_WORK INSTRUCTION_.
Set down only these lines, exactly: the line containing "中青赛U15决赛首回合:恒大1-1泰山!尚天羽回头望月,王伟轩破门" and all lines through the end of the data below. Omit pictures.

_DATASET SECTION_.
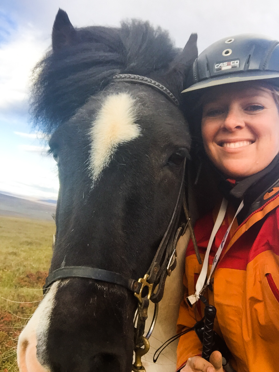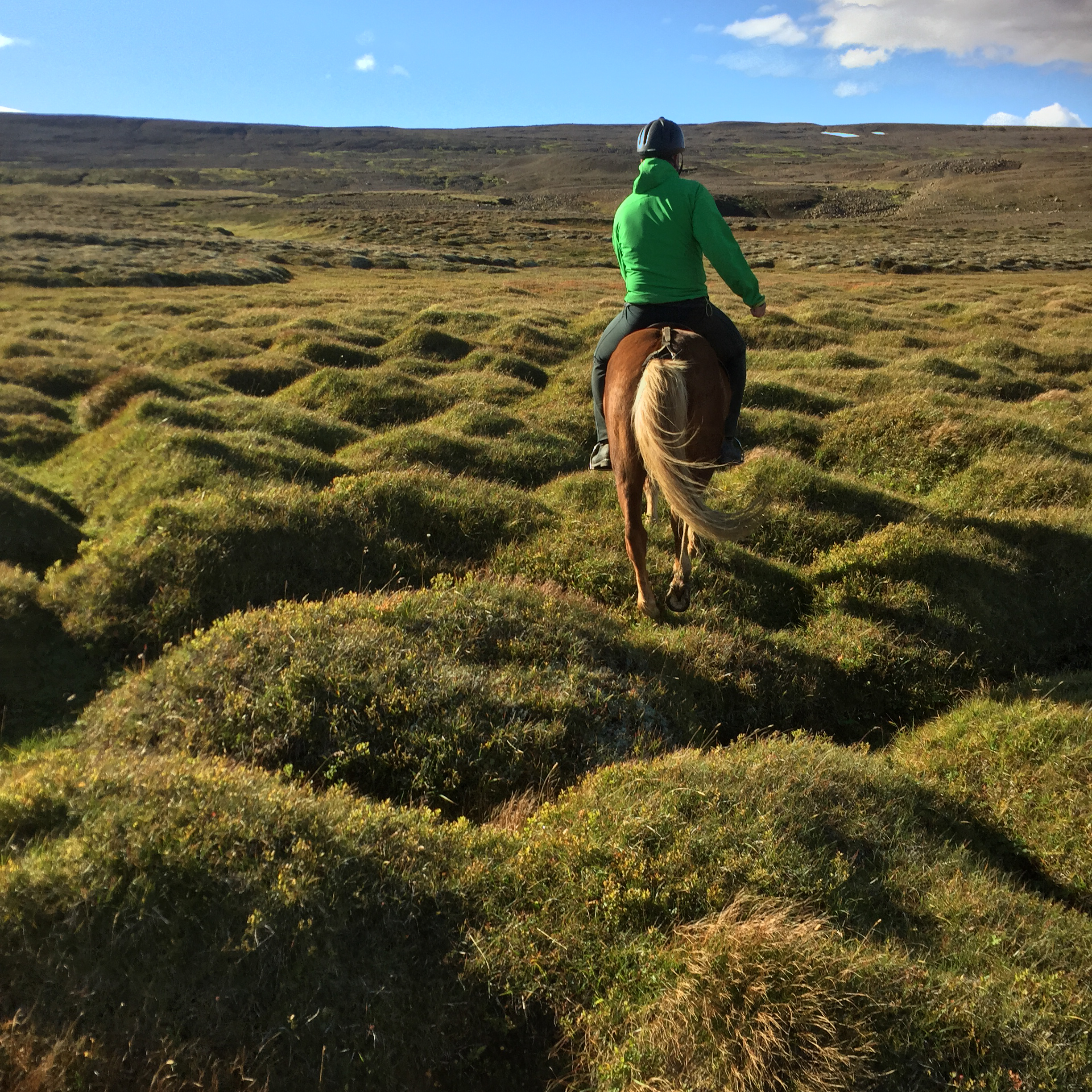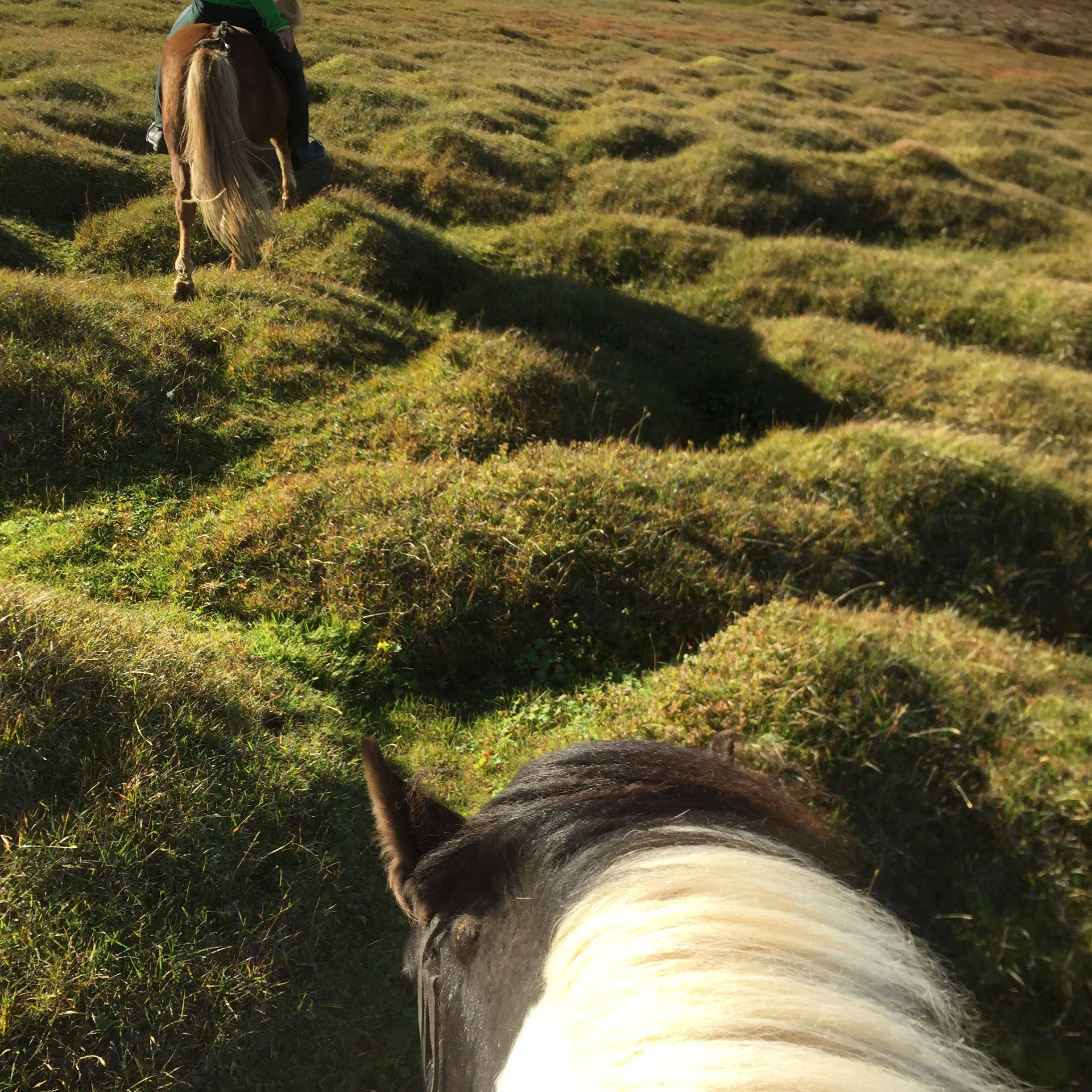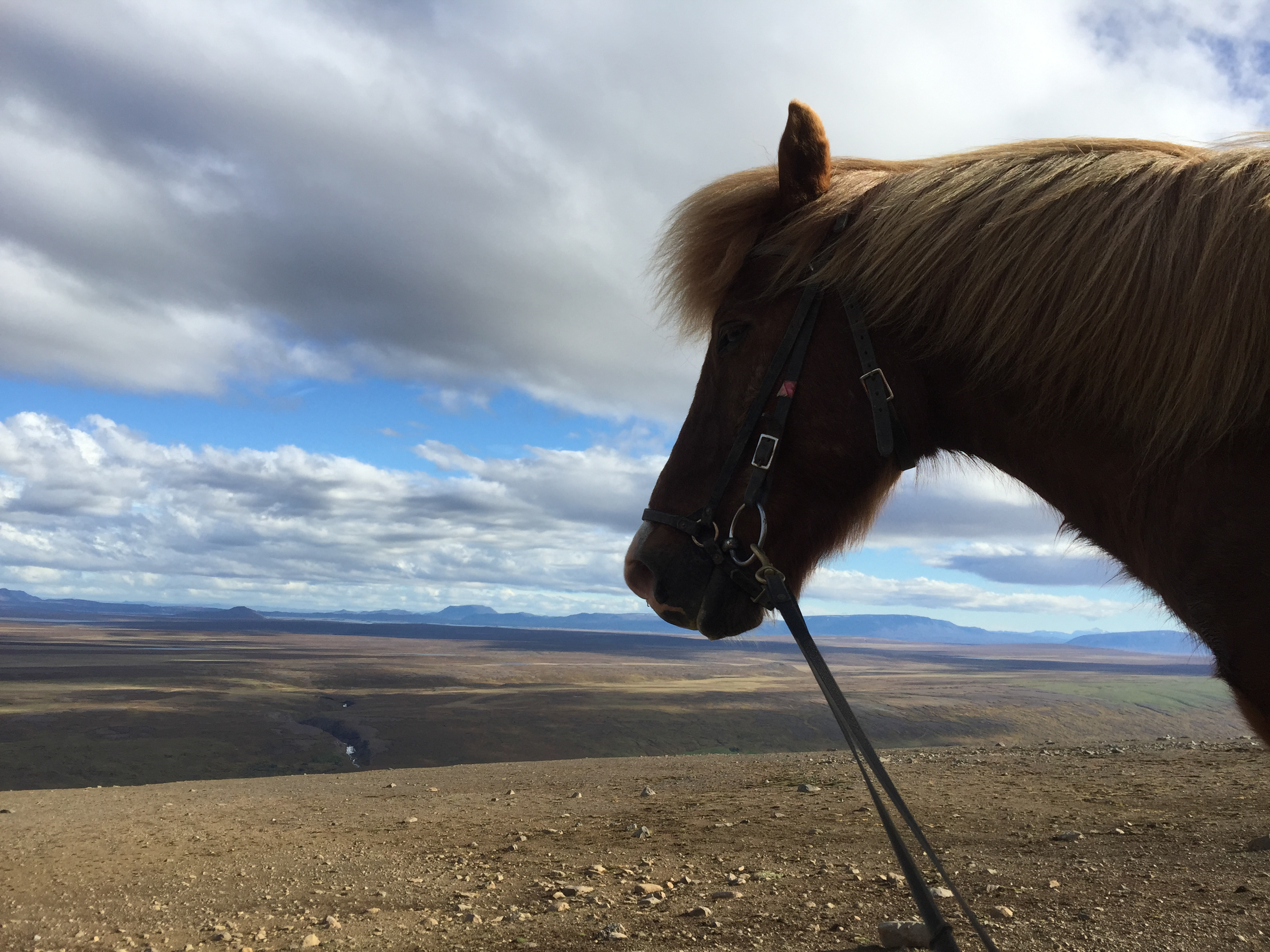 About now I would like to point out that I have done some fairly wild riding, galloped across the Namibian desert with horses falling in quicksand, been chased be elephants in Africa, but 2 hours on the fluffy 12h Icelandic pinto on my own chasing sheep in the mountains of Iceland was one of the most terrifying activities I have ever done. The first 1/2hr went reasonably well, my horse was just following the sheep at a good pace and we seemed to be doing ok, managed to collect a few extra sheep- and was actually feeling quietly confident…. I was focused and unconcerned about where i was going or where I had come from. And then it was as though the sheep realised they were being chased by a rookie and turned rogue….and it was game on…. we were winding along a river gorge, previously mostly on the flatish (very debatable) area above the sides of the gorge… we had already gone at quiet a pace over those weird boggy bumps- which I was quite sure most Australian horses would’ve broken a leg in. It was from this point I had one hand permanently in the mane and one of the reins. Happy the very sweet and happy Collie dog had joined me – again realising my in experience he thought it appropriate to guide me… the sheep appeared to jump off the edge of a cliff… and reasonably enough I paused… before following, Happy ran infront of me looked over the edge popped off, popped back up a few seconds later as if to say why aren’t you following?? And then off we went, over the edge…. we traversed the cliff wall, which, lets say was not vertical, but it was not a hill or slope of any recognisable form… my horse wanted to move swiftly along here- and only when I took a small pull did i realise why- we ended up on our side sliding down the side of the mountain for about 5m… I had jumped off as she had fallen… so we both slid a bit… I had a dressage whip, gave the poor horse a tap as we stopped sliding and jumped back on as the horse got traction. Her heart was pounding, as was mine. From that point, no half halts, pulls- if she said no to where I pointed her- I completely concurred. Up and down the gorge through bog, massively steep areas of mud we went, jumping down 3* crevasses from a stand still, across these weird open cracks which seemed incredibly deep, and it just seemed relentless, no area was nice easy footing… it felt like it was all out to kill me… I was still tailing these damn sheep… not as close as I had been as they had had less “oh shit moments”; where are the photos you ask?? At no point was I feeling secure enough to take a hand off either reins or mane to document this experience, and it wasn’t until till we had climbed down and up the ravine for the 15th time that the sheep took a particularly insane route that I finally pulled up. Realising it was about 2hrs since I had seen the others… and there was no sight of anyone anywhere, I decided to head to the highest point of the mountain and abandon my sheep who had also all split up to make my task more enjoyable -they had more chance at survival than i did!! I should say Jon had given me a walkie talkie- but I seemed to be too far out of range for it to work.. so I had no means of finding out where they were. The seemingly endless mountain which was part bog, part crater landscape- all was super mushy after an unseasonably wet summer and full of these massive crevices. The earth would just open up infront of you about every 5 meters, like huge chasms. After waiting 1/2 hr on top of mountain I set out back in the direction I had come from – and eventually saw him silhouetted on a ridge line a long long way away.On our way back down the hill we came across a couple more sheep, which we managed to drive down to the neighbouring farm and into the sheep shed. Lets just say I am looking forward to eating lamb!!!!!!! These sheep had become my sworn enemy!!!
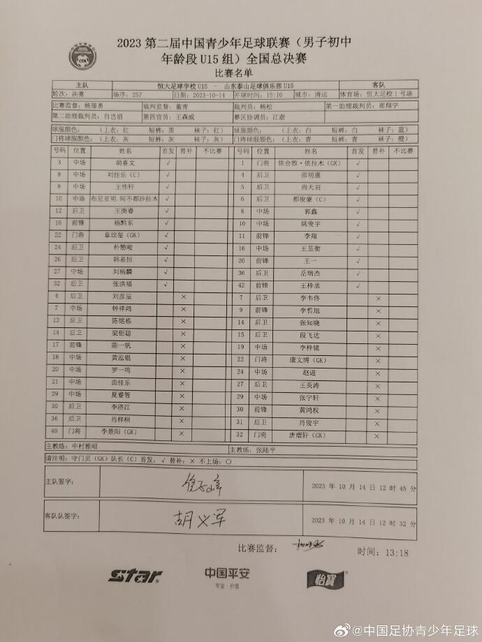 中青赛U15决赛首回合:恒大1-1泰山!尚天羽回头望月,王伟轩破门
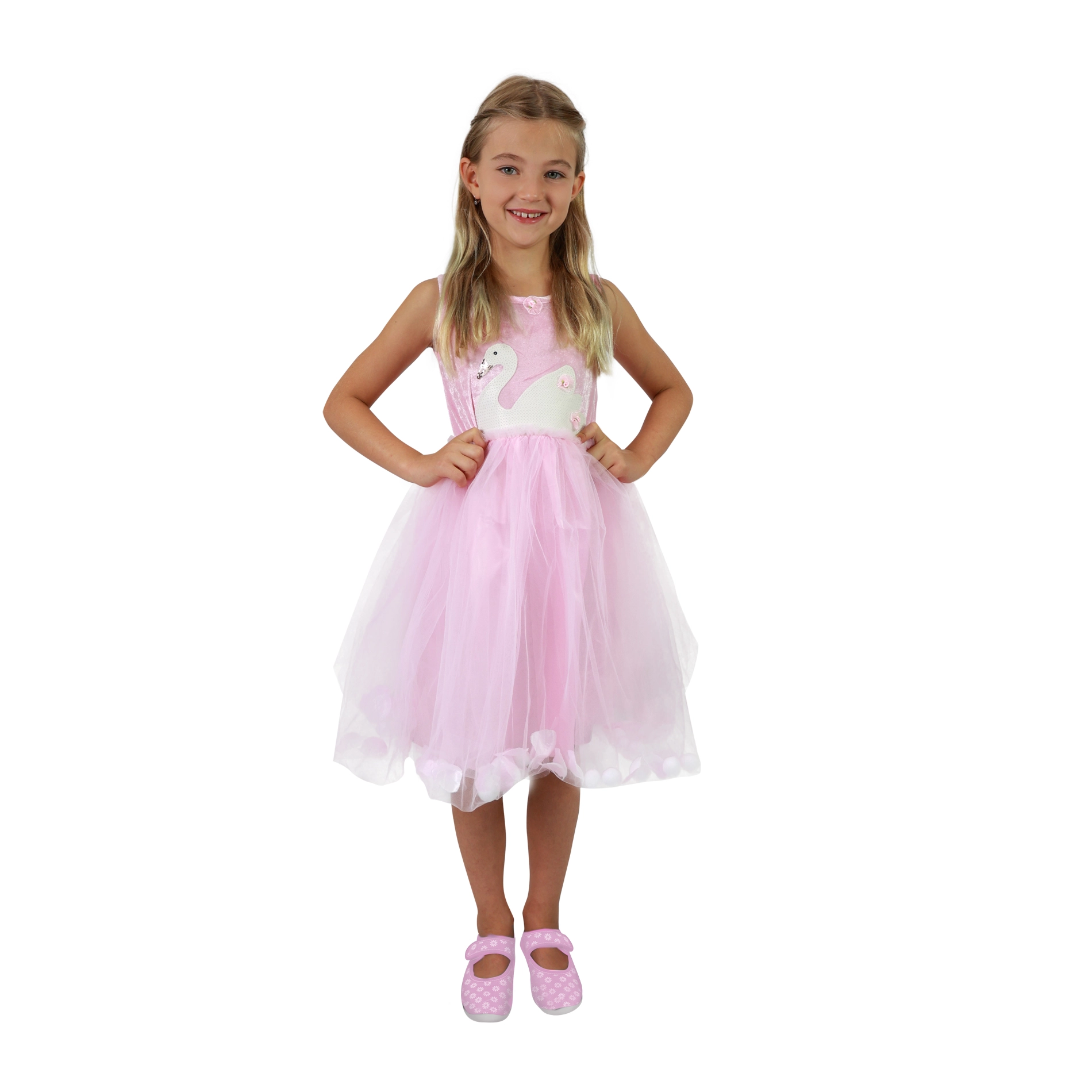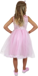 Rožinė gulbės princesės suknelė į kasdienybę įneša magijos. Lengvas tiulio sluoksnis virš satininio pamušalo sukuria pūstą siluetą, o judant gražiai banguoja sijonas. Viršutinė dalis su gulbės motyvu atrodo švelniai ir elegantiškai, todėl jūsų mergaitė pasijus tikra princese.

_SOLUTION BELOW_.
 中青赛U15决赛首回合:恒大1-1泰山!尚天羽回头望月,王伟轩破门
 Rožinė gulbės princesės suknelė į kasdienybę įneša magijos. Lengvas tiulio sluoksnis virš satininio pamušalo sukuria pūstą siluetą, o judant gražiai banguoja sijonas. Viršutinė dalis su gulbės motyvu atrodo švelniai ir elegantiškai, todėl jūsų mergaitė pasijus tikra princese.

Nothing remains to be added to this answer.